Будулай слушал молча. Голова его с кудрявой бородкой и плечи купались в ручье света, падавшего из окна в комнату, а из-под расстегнутого пиджака светились ордена. Не пошевелился он и тогда, когда Лущилиха стала рассказывать, как самый передний немецкий танк вдруг развернулся и наехал на цыганскую кибитку. Тут беременная Клавдия и разрешилась преждевременно в кукурузе дочкой.
В продолжение всего рассказа Лущилихи цыган тяжело горбился на табурете, опустив голову, и она просмотрела тот момент, когда он после ее слов о том, как закричала цыганка, внезапно резко качнулся и свалился лицом вперед с табурета. Уже на полу он перевернулся на спину и вытянулся во весь рост в полосе бледно-голубого света.

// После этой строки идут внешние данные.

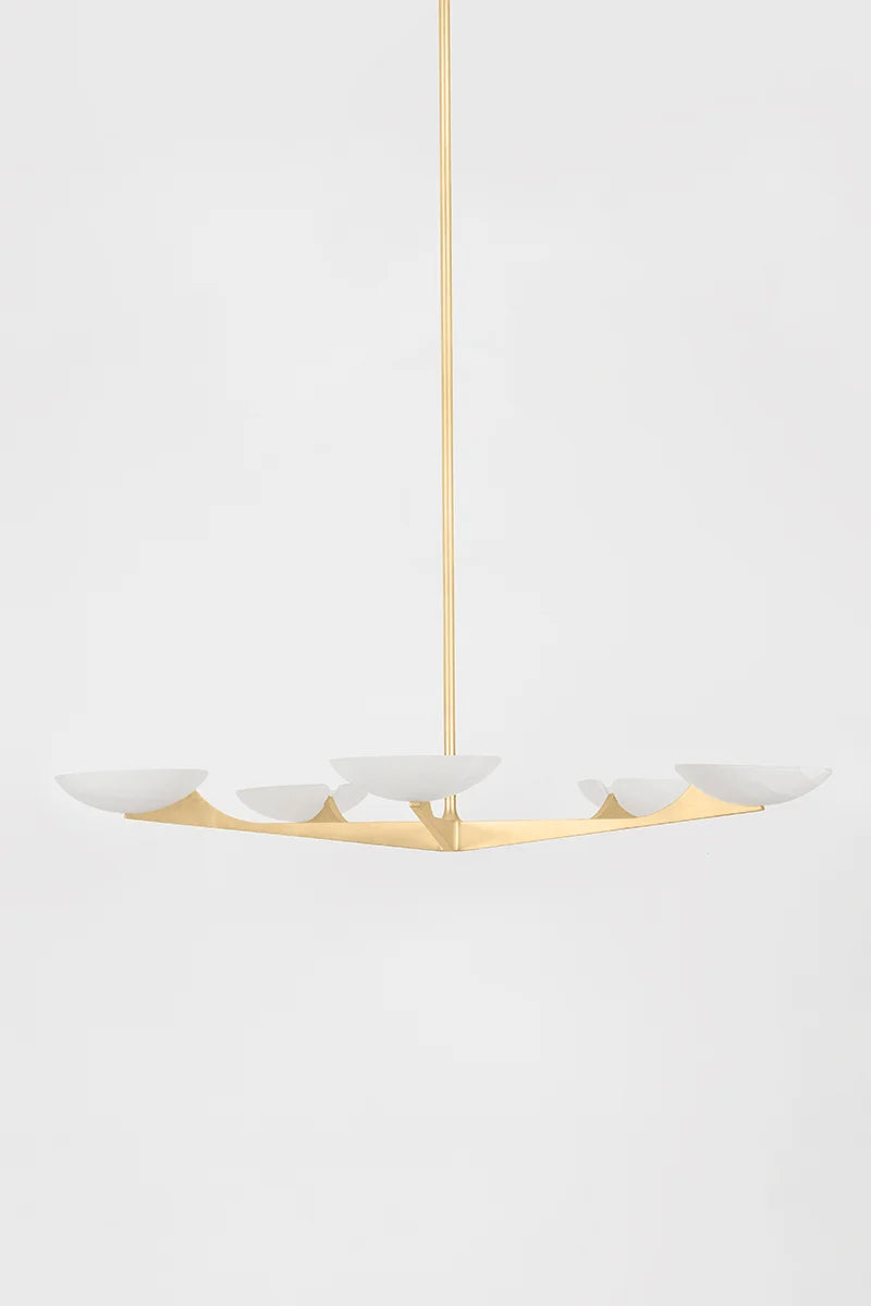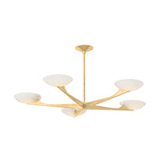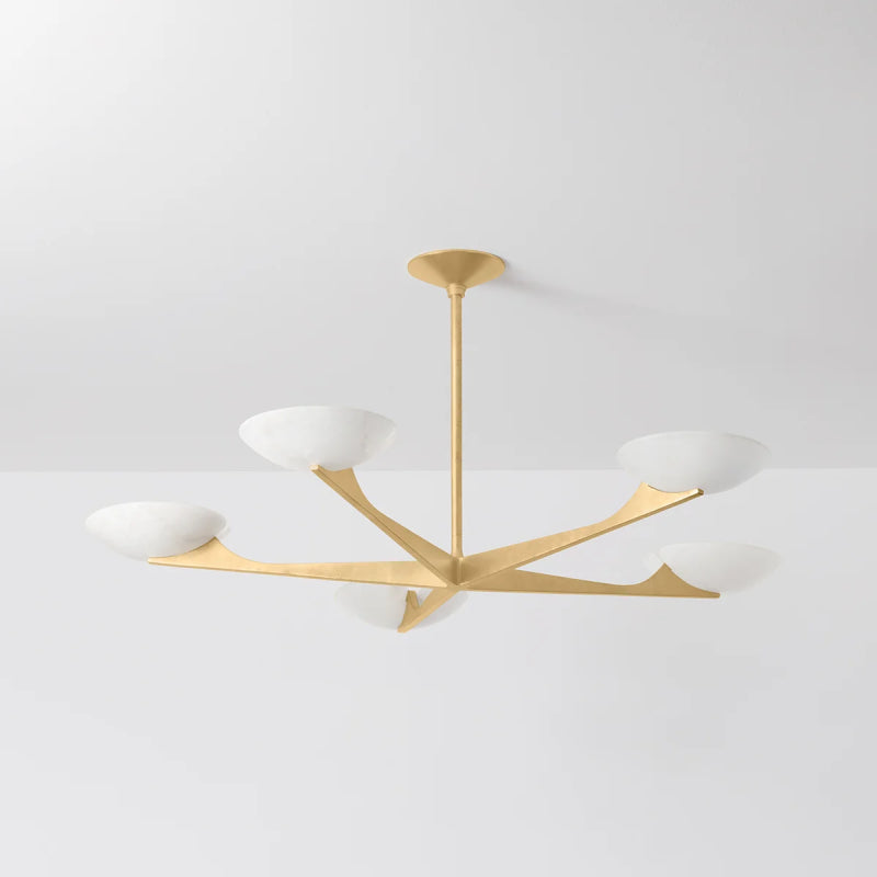 Embracing modernism with elevated materials, Malachite is a versatile chandelier for living and dining spaces. Arrayed evenly from a center point, each arm on the fixture culminates in a 10” bowl shade filled with light.

Потрясенная Лущилиха, бросив на него взгляд, решила, что он скоропостижно умер в ее доме, и, закричав дурным голосом, опрокидывая ведра, кинулась из комнаты к соседке.

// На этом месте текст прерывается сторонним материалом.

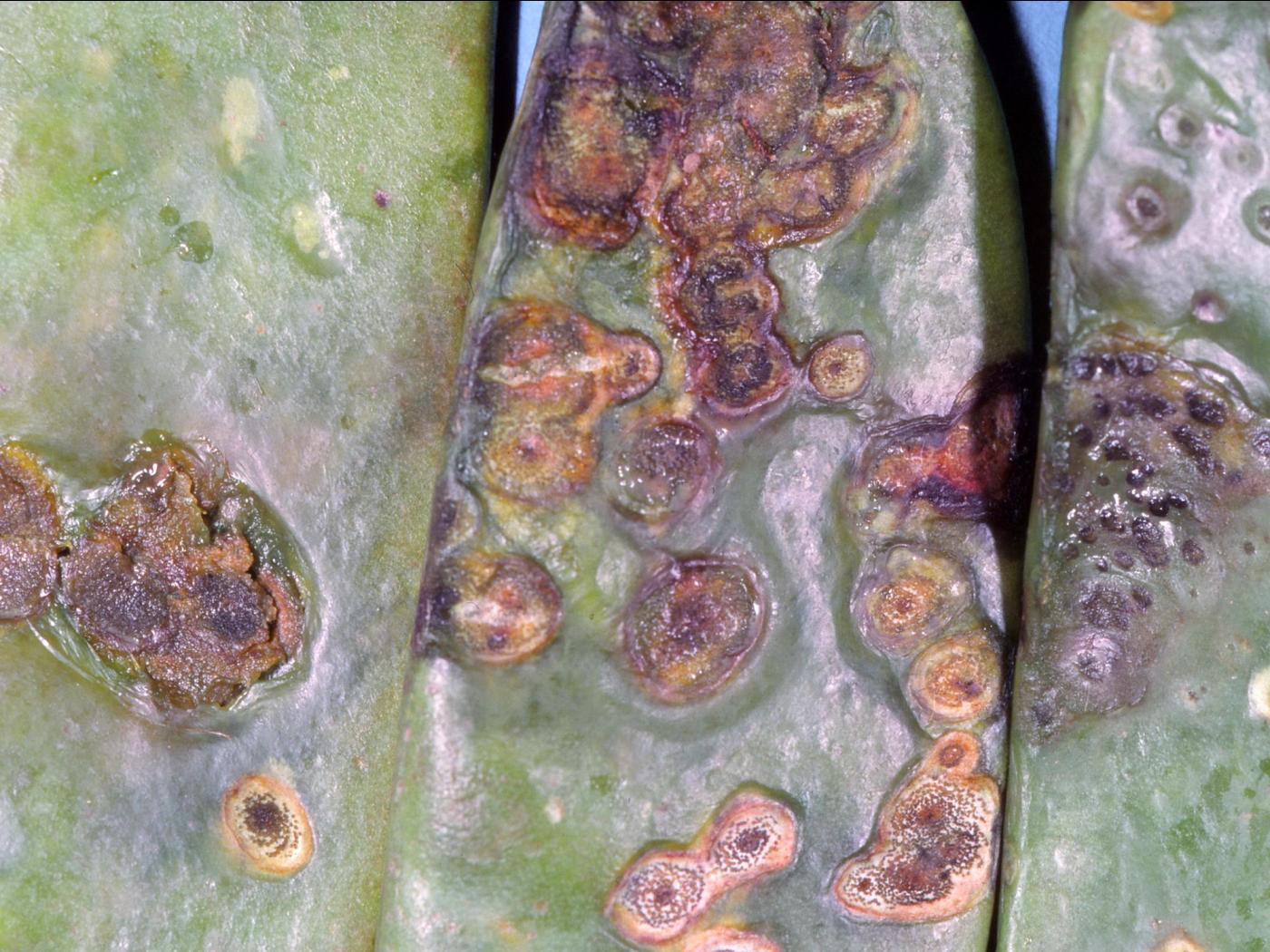 Description: Des gousses de pois mange-tout montrent des taches plutôt circulaires avec une marge bien définie, mesurant entre 1 et 3 mm de diamètre, et déprimées dans l’épiderme des gousses. Les plus petites taches sont beiges et montrent un point foncé en leur centre. Les grandes taches sont le regroupement de petites taches. Elles sont brun rougeâtre et portent de nombreux points noirs en leur centre. Il peut y avoir jusqu’à 50 taches par gousse. Les tests de laboratoire ont révélé la présence du champign… En savoir plus
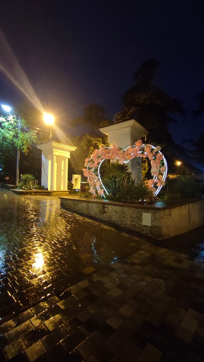 День-то настал, и обычно на этот день в планах ещё раз пройтись по городу, накупить, если не успели, сувениров. Но вот как-то с самого утра не заладилось с погодой. Сегодня почти целый день в Алуште шел дождь, как с вечера начался, так и не прекращался. Но кто ж нас остановит))) Как говорится: "Видим цель, не видим препятствий". 😄 Это мы из дома без необходимости не вышли бы в такую погоду, а в отпуске - это другое 😉. Ну, и пошли... Вышли на набережную через парк, а там единицы, кто гуляет. Дождь ☔пошел сильнее. А мы шли за сувенирами, дышали морем. В кафе "Старик Хинкалич" в кои-то веки никого. На набережной установили новогодние инсталяции. Свечи пока без подсветки, но все еще впереди. Так интересно... когда соседствуют новогодние украшения, и тут же ещё цветы на клумбах ☺ Пройдя набережную свернули на улицу Горького. Там тоже немноголюдно, только спешащие по своим делам местные жители. Даже машины редко ездят. Нагулявшись по магазинам, и закупившись сувенирами, вернулись
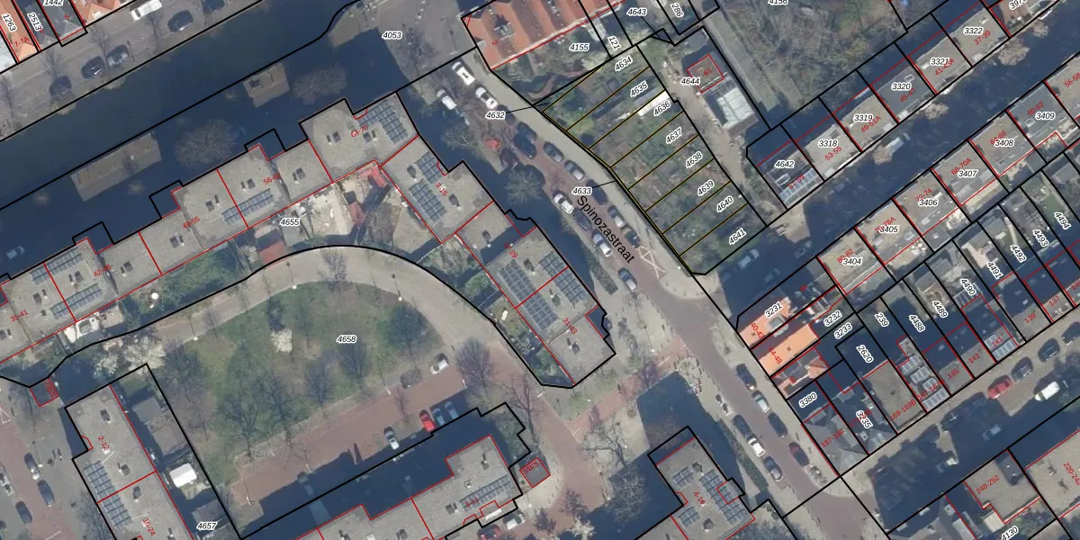 Spinozastraat 21 is gelegen op kadastraal perceel GVH21AD4655. Deze kadastrale aanduiding is uniek en wordt gebruikt door het Kadaster om eigendomsrechten en andere zakelijke rechten vast te leggen. Het perceel maakt onderdeel uit van de kadastrale gemeente 's-Gravenhage.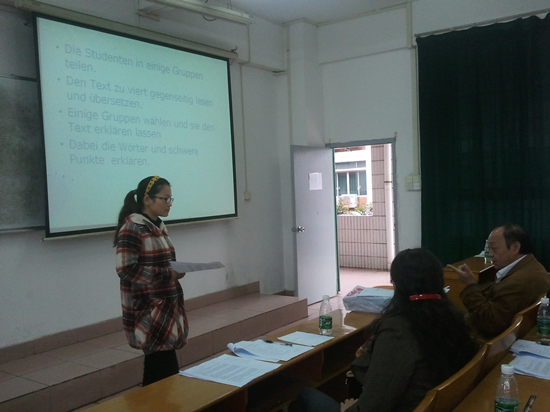 为推进beat365官网外语教学改革,提高英语、日语和德语的教学水平,促进外语系新入职教师的成长,外语系于2012年11月30日下午开展了2012年度新入职教师教学比赛,本次比赛由各语种教授、副教授和教研室主任担任评委。外语系主任胡光忠观看了本次比赛。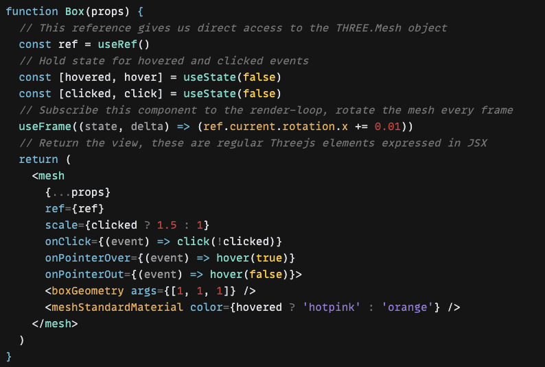 This means that we are able to create regular React components and let react-three-fiber handle converting those components into three.js primitives (3D objects). Components render outside of React. It outperforms Threejs in scale due to React's scheduling abilities.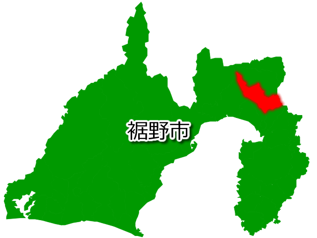 静岡県裾野市を示す画像を元に、目的地案内や出身地説明、ルート案内や学習コンテンツなどにご活用ください。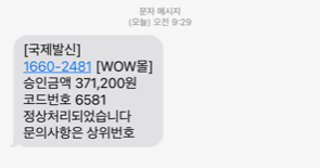 4일 오전에 받은 문자 한통, WOW몰에서 371,200원 결제금액이 승인되었다는 것이었습니다. 저는 맡아버렸지요.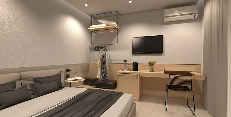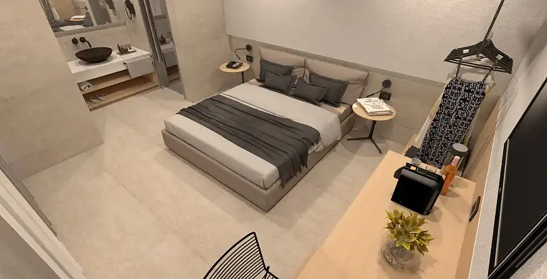 Thalassa Studios are bright with floor-to-ceiling windows opening out to a balcony. Each has a kitchenette with refrigerator and a private bathroom with shower. Facilities also include a satellite TV and a safety box.

У соседки племянник тоже был контужен на фронте, и она знала, что нужно делать, когда у человека припадок. Прибежав к Лущилихе, она кухонным ножом растворила цыгану крепко сцепленные белые зубы и влила в рот полстакана молока. В горле у него забулькало, он захлебнулся и, открывая глаза, тут же пружинисто вскочил на ноги, опираясь одной рукой об пол.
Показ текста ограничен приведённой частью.